Tom Spring was once again in Byrne's corner, as was Jem Ward. In true Burke style the match lasted for 3 hours and 6 minutes, during which time 99 rounds were fought the longest ever recorded prize fight. For the most part Byrne seemed to be in control in the early stages of the fight; in the 30th round he trapped Burke against the ropes and battered him severely around the body before throwing him to the ground. Burke fell on his face, vomiting and throwing up blood, and for the next few rounds Byrne looked the more likely winner. By the 49th round however, Burke had recovered sufficiently to knock Byrne to the ground, whose hands by then were so swollen that he was unable to deliver a finishing blow. By the 93rd round Byrne was "scarcely able to stand, and rolled before the Deaf'un like a ship in a storm". Although both men were utterly exhausted Burke continued to "pepper away at [Byrne's] body and head", until in the 99th round Byrne collapsed unconscious and could not be revived to take his place once again at the scratch. A contemporary newspaper report of the day describes a blow-by-blow account of a fair match. (Note: The report accounts for only 27 of the 99 rounds.)

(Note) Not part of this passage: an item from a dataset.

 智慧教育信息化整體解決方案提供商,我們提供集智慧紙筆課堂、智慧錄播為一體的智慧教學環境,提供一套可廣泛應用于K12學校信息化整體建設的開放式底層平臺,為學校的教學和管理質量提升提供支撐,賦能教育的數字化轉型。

Byrne was carried to "The Woolpack" inn in nearby St Albans, where he was attended to by Tom Spring. On the evening of the fight Byrne was considered to be close to death, but over the course of the following two days he seemed to be recovering, and was sufficiently conscious to thank his friends for their ministrations. But his condition worsened during the afternoon of Saturday 1 June 1833, and he died the following day; the cause of death was given as "congestion of blood in the brain". Byrne himself was reportedly of a different opinion, telling a chambermaid shortly before his death that "If I should die, it will not be from the beating I received but from mortification. I would rather have died than been beaten in that fight." He left behind a wife and four children in Dublin.

==Aftermath==
One contemporary view of Byrne's fatal fight, and of his earlier contest against Ward, was expressed in a popular poem written by James Catnach, the catchpenny publisher of Seven Dials, London:

On Thursday, 30 May day, Brave Simon took the ring,
Back'd by Jem Ward the champion, likewise by Gallant Spring,
To fight Burke for two hundred pounds, a man of courage bold,
To stop reports that with Ward the battle he had sold.

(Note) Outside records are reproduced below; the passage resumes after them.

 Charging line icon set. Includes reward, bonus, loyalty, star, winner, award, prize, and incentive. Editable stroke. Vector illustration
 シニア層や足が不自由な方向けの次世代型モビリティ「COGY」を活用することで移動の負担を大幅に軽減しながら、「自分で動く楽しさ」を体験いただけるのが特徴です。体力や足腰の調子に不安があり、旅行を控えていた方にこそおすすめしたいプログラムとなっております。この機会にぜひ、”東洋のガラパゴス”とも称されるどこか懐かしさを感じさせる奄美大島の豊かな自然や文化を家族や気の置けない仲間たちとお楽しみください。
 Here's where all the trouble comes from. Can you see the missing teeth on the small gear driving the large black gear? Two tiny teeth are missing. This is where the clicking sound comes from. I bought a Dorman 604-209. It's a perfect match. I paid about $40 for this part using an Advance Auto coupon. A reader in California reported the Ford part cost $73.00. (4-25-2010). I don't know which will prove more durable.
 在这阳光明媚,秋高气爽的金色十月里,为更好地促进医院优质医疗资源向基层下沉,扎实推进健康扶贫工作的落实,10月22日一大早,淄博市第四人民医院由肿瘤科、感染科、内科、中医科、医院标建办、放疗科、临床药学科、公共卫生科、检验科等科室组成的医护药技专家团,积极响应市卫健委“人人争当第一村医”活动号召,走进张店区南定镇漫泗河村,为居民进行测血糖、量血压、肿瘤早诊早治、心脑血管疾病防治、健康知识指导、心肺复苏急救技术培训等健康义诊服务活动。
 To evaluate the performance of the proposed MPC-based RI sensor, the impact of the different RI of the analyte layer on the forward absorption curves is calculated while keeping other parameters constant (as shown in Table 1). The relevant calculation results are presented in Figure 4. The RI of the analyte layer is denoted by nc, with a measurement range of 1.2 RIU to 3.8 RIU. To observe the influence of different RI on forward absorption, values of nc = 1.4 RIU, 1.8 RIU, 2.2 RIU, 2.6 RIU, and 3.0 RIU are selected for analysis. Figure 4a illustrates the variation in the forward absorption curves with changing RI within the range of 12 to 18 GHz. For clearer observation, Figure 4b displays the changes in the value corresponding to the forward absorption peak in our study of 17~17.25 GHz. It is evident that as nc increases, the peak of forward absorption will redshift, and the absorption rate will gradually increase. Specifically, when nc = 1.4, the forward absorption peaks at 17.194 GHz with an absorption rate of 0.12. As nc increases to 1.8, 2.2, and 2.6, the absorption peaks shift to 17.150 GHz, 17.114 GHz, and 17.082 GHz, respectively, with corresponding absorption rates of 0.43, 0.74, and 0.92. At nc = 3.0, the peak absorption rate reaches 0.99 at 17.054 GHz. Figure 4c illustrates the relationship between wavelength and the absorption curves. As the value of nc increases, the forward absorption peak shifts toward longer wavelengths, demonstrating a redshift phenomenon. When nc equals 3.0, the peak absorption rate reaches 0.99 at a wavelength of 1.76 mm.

Burke was arrested and tried for manslaughter. He was acquitted on 11 July 1833, but avoided competitive fights for some time afterwards, only taking part in exhibition matches. He retired in 1843 and died of tuberculosis less than two years later in 1845, having by then been reduced to poverty.

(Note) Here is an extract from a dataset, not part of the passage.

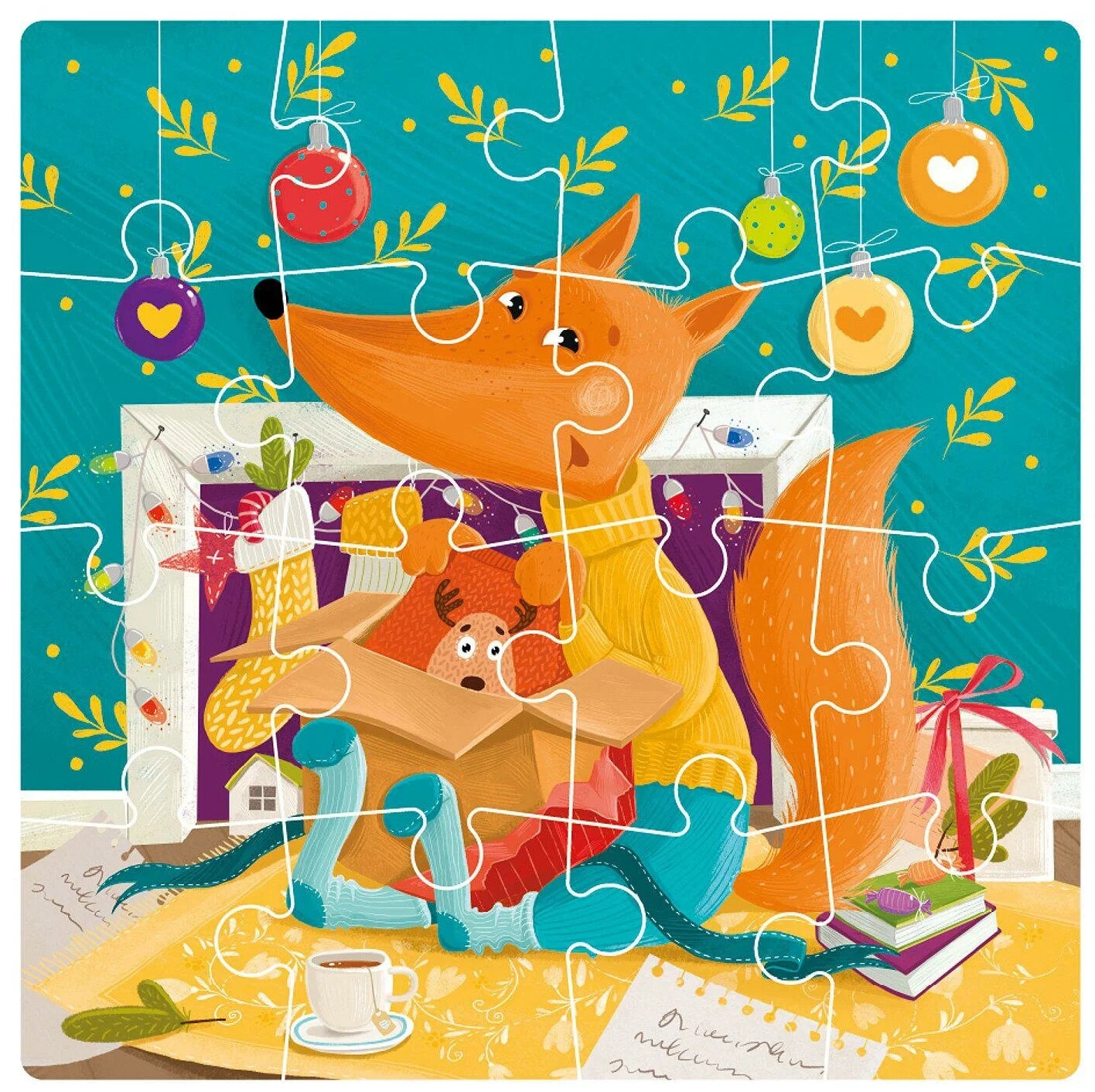 Лисичка проводит зимний вечер возле камина и упаковывает подарки для своих друзей!

Following the death in 1838 of another fighter, William Phelps, also known as Brighton Bill, in a match against Owen Swift, the London Prize Ring Rules were introduced by the Pugilists's Protective Association to more clearly define the range of fouls and to introduce certain safety measures. Butting, gouging, biting, scratching, kicking were all forbidden as was the use of stones or any hard object in the hand. Thirty-second breaks were introduced between rounds, at the end of which each fighter had to walk to the scratch unaided within 8 seconds. The wearing of spiked boots was prohibited, and boxers who went to ground without being hit were disqualified. These rules still form the basis for the modern sport of boxing.